● **REQUIRED ACTION**
Exact reproduction is required for the lines below starting at the line with "If we analyze" and ending at the line with "- ضعي طلاء الأظافر", both included. No other lines, and no pictures.

● **AVAILABLE DATA**

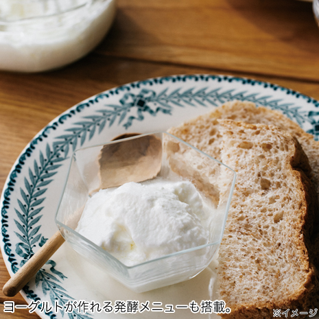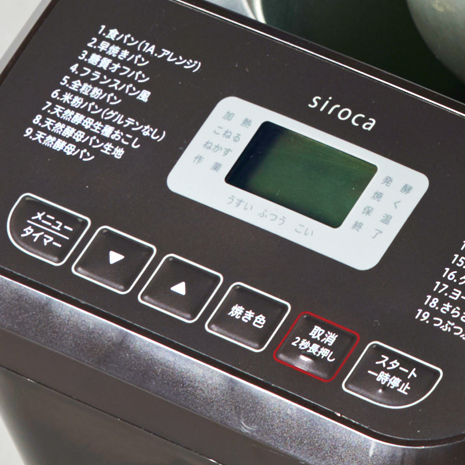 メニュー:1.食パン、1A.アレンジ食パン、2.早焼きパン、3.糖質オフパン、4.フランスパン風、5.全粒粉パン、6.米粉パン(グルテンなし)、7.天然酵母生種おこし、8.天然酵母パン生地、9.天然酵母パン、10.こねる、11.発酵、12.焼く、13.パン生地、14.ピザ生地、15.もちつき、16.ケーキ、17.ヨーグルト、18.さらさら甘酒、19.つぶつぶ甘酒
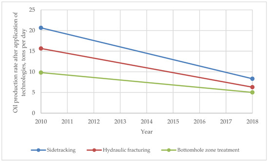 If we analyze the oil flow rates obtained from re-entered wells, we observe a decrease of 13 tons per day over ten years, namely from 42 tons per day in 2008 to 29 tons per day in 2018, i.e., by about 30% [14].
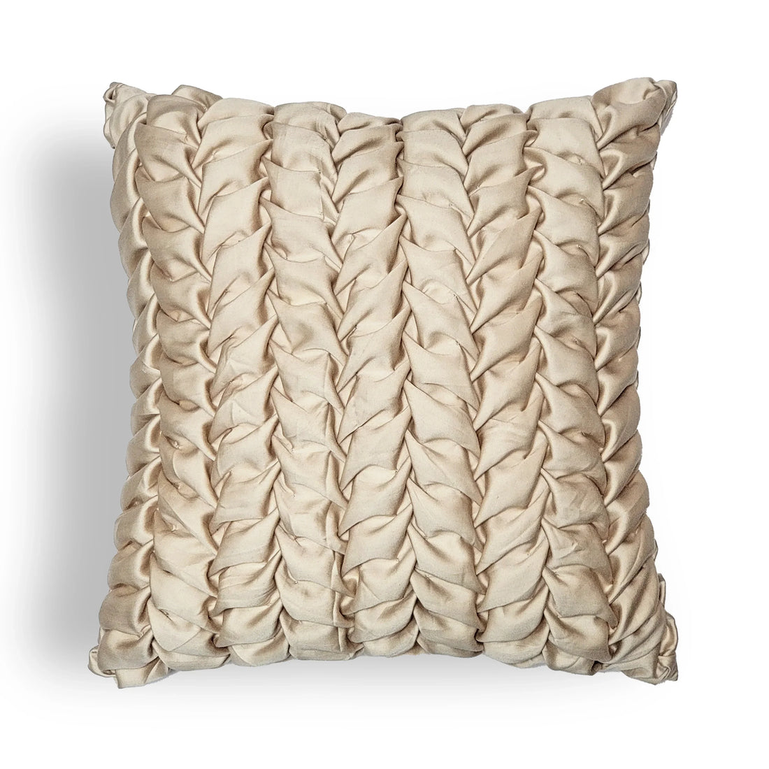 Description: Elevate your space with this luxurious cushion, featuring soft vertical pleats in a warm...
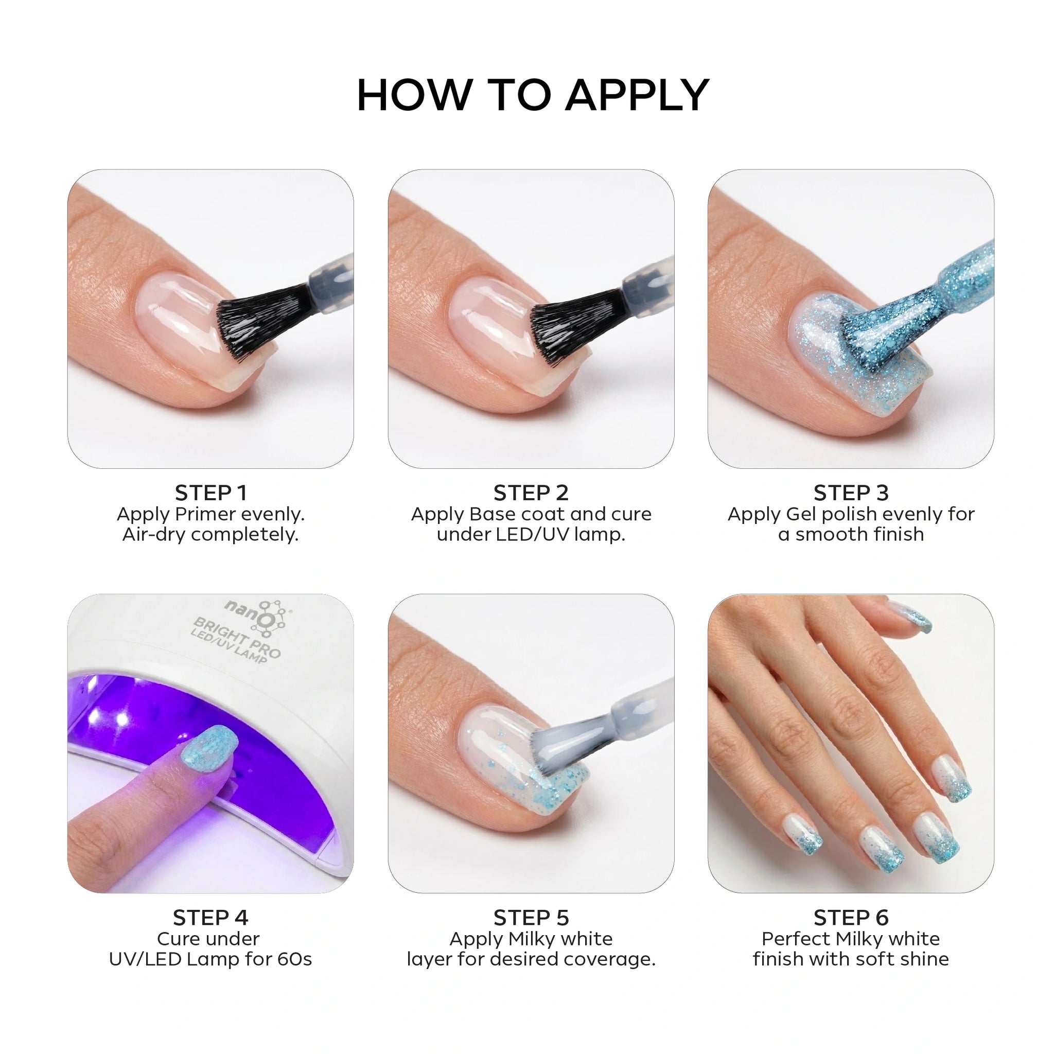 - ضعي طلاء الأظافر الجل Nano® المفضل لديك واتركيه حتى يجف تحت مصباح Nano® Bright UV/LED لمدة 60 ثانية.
==
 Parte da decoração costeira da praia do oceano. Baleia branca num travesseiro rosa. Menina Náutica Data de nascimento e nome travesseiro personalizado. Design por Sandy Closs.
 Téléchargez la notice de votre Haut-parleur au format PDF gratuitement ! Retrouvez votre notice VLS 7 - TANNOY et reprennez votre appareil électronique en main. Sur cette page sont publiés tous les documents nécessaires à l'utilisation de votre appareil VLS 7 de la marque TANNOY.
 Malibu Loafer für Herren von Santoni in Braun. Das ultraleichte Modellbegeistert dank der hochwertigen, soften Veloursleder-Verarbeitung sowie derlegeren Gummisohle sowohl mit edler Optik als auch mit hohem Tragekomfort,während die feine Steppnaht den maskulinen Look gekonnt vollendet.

● **ANSWER SPACE**
 If we analyze the oil flow rates obtained from re-entered wells, we observe a decrease of 13 tons per day over ten years, namely from 42 tons per day in 2008 to 29 tons per day in 2018, i.e., by about 30% [14].
 Description: Elevate your space with this luxurious cushion, featuring soft vertical pleats in a warm...
 - ضعي طلاء الأظافر الجل Nano® المفضل لديك واتركيه حتى يجف تحت مصباح Nano® Bright UV/LED لمدة 60 ثانية.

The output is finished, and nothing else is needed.